Al-Imam menegaskan, bahwasanya ketika seseorang dipekerjakan dan upahnya tidak ditentukan, sekalipun sang buruh diberi upah yang banyak, buruh tersebut berasumsi bahwa kita telah mengurangi upahnya. Namun jika upahnya telah ditentukan dan dibayar tepat waktu, maka sang buruh akan sangat merasa gembira dengan apa yang diterimanya.
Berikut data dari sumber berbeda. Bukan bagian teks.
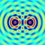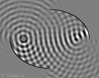 On dit que la courbe observée, avec deux fentes ouvertes, présente des interférences. Dans notre cas, nous observons que l’onde initiale est diffractée par les trous et que de nouvelles ondes circulaires sont émises par chaque trou. Si nous fermons un seul trou à la fois et si nous mesurons la distribution d’intensité à l’absorbeur, nous trouvons une courbe d’intensité très simple qui n’est pas la somme mais l’interférence entre les deux ondes provenant d’un trou. A certains endroits (là où la courbe finale a ses maximums) les ondes sont dites « en phase » et les valeurs des pointes des amplitudes (des courbes avec un seul trou) s’ajoutent pour donner l’amplitude totale. A ces endroits, nous dirons que les ondes « interfèrent constructivement ». Il y aura une telle interférence constructive chaque fois que la distance du détecteur à un trou est plus grande (ou plus courte) que la distance à l’autre trou d’un nombre entier de longueurs d’onde (la longueur d’onde étant la distance entre deux maximums de l’onde).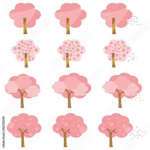 © kiko, Fototapeta premium シンプルな桜の木 セット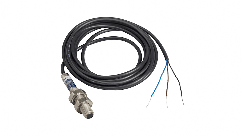 Sensore fotoelettrico miniaturizzato filettato, rilevamento a diffusione, distanza di rilevamento 50 mm, uscita NPN, alimentazione CC, cablaggio a 3 fili, lunghezza cavo 2 m, materiale metallico, linea di veduta assiale, serie XU. Utilizzato in applicazioni di manipolazione, imballaggio, etichettatura e industria alimentare.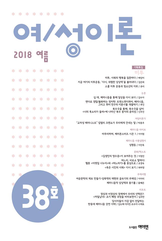 여/성이론 38호는 현재 한국 사회에서 갈등의 최전선에 놓여있는 페미니즘의 현 상황을 점검하였다. 미투 운동, 페미니즘 내 ‘트랜스’의 위치에 대한 문제, 인터넷을 중심으로 활동하는 페미니스트 그룹, 이성애 중심주의를 공고히 하려는 정부, 기관, 대학 등 페미니즘을 둘러싸고 다양한 공간에서 여러 방식으로 발생하는 충돌들을 살폈다.

Islam memandang kaum buruh berangkat dari asumsi bahwasanya majikan dan buruh memiliki tujuan yang sama, yakni menikmati kebahagiaan di dunia dan di akhirat. Buruh bagi seorang majikan adalah parner untuk meraih kemaslahatan hidup. Sedangkan seorang buruh setidaknya mendambakan empat hal; kebahagiaan spiritual, kebahagiaan jiwa, upah yang diterima, dan kenyamanan dalam menggeluti pekerjaan yang dibebankan kepadanya.
Setidaknya, ada dua perbedaan konsep upah antara konvensioval dan Islam. Pertama, Islam melihat upah yang diberikan kepada buruh berhubungan erat dengan konsep moral, sementara Barat tidak.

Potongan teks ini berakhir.